Anche per questo motivo, Ali era considerato in una fase calante della sua carriera: dopo il ritorno in attività aveva perso due incontri per il titolo dei pesi massimi, prima contro Joe Frazier (1971) e poi contro Ken Norton (1973). Ali non godeva più della considerazione che aveva avuto negli anni Sessanta: le sconfitte contro Frazier e Norton lo avevano privato di quel senso di imbattibilità e avevano scalfito il mito del pugile “imboxabile”, e Foreman era considerato il favorito per la mole e per l’età (25 anni, 7 in meno di Ali).
Alla fine Ali ribaltò il pronostico mettendo in pratica una strategia che non aveva mai utilizzato prima, e che sarebbe passata alla storia come rope-a-dope: anziché attaccare Foreman, si appoggiò per gran parte dell’incontro alle corde del ring lasciandosi colpire dall’avversario, incitandolo e provocandolo. Ali resisteva ai colpi, che venivano in parte assorbiti dall’elasticità delle corde, e quando Foreman era esausto lo attaccava con una scarica di combinazioni sul volto.
Ali vinse per knock out – cioè mise al tappeto l’avversario – all’ottavo round, sorprendendo gli spettatori di tutto il mondo: fino a quel momento Foreman non aveva mai perso, e prima dell’incontro si riteneva che l’unica possibilità di Ali fosse vincere ai punti.

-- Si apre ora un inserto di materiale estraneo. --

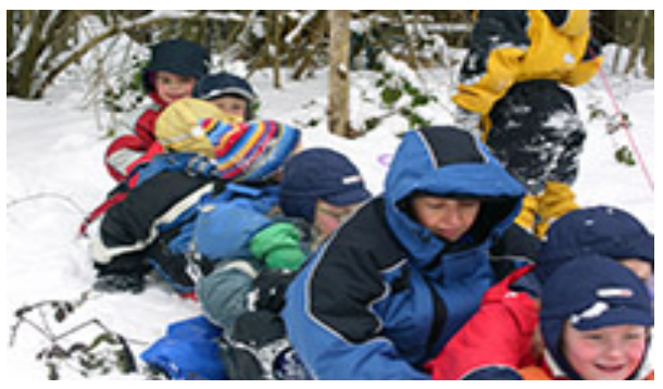
SCHOOL'S OUT: LESSONS FROM A FOREST KINDERGARTEN

Bullfrog Films has three new videos relevant for K-12 to college classrooms:
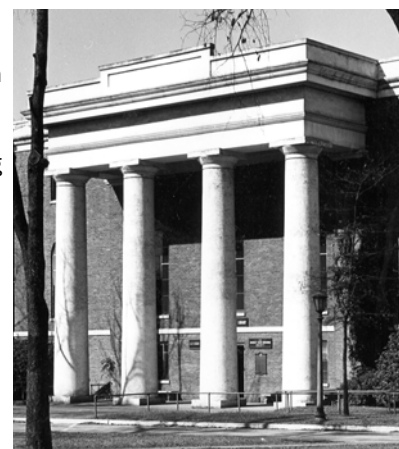
Located on the historic Horseshoe of the University of South Carolina, the Oral History Program at the South Caroliniana Library gathers interviews of South Carolinians from all walks of life.

At the Caroliniana, our recordings begin in the 1930s and span more than a thousand hours of interviews in a variety of formats, from microcassettes to reels. We are currently building a database to catalog them and a digital workstation to ensure their preservation (see p.6 for details). In keeping with the Library's mission to document the lives of all South Carolinians, our oral histories encompass a wide array of narra-
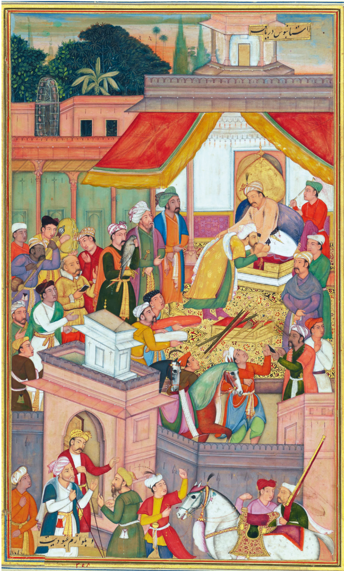
Fig. 1: Dharm Das, Akbar Receives Congratulations on the Birth of his Son Murad , Agra, June 1570, pigment and gold on paper, 45.4 × 27.2 cm, 1603–1605, Dublin, Chester Beatty Library, In 03.147. 10
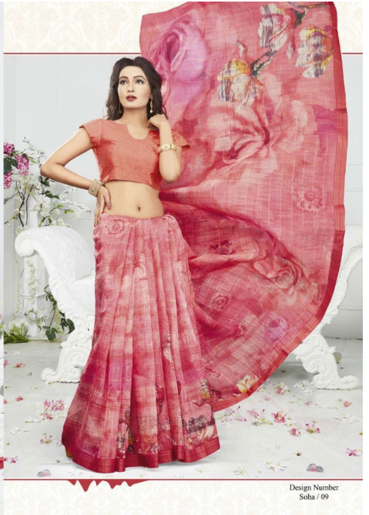
Design Number Soha / 09
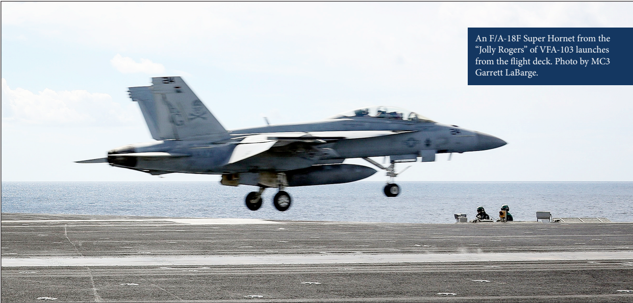
An F/A-18F Super Hornet from the "Jolly Rogers" of VFA-103 launches from the flight deck.

Il “Rumble in the jungle” è diventato l’incontro più famoso di sempre grazie alle molte storie che contenne. Fu il match con cui Ali riconquistò il titolo di campione indiscusso dei pesi massimi, e negli anni fu estesamente descritto come quello che segnò il predominio della tattica (di Ali) sulla forza bruta (di Foreman). L’anno dopo a Manila, la capitale delle Filippine, fu disputato un altro incontro che ebbe ampia risonanza: quello in cui Ali sconfisse Frazier per knock out, riscattando la clamorosa sconfitta del 1971. Anche quel match è ricordato con un nome promozionale: “Thrilla in Manila”.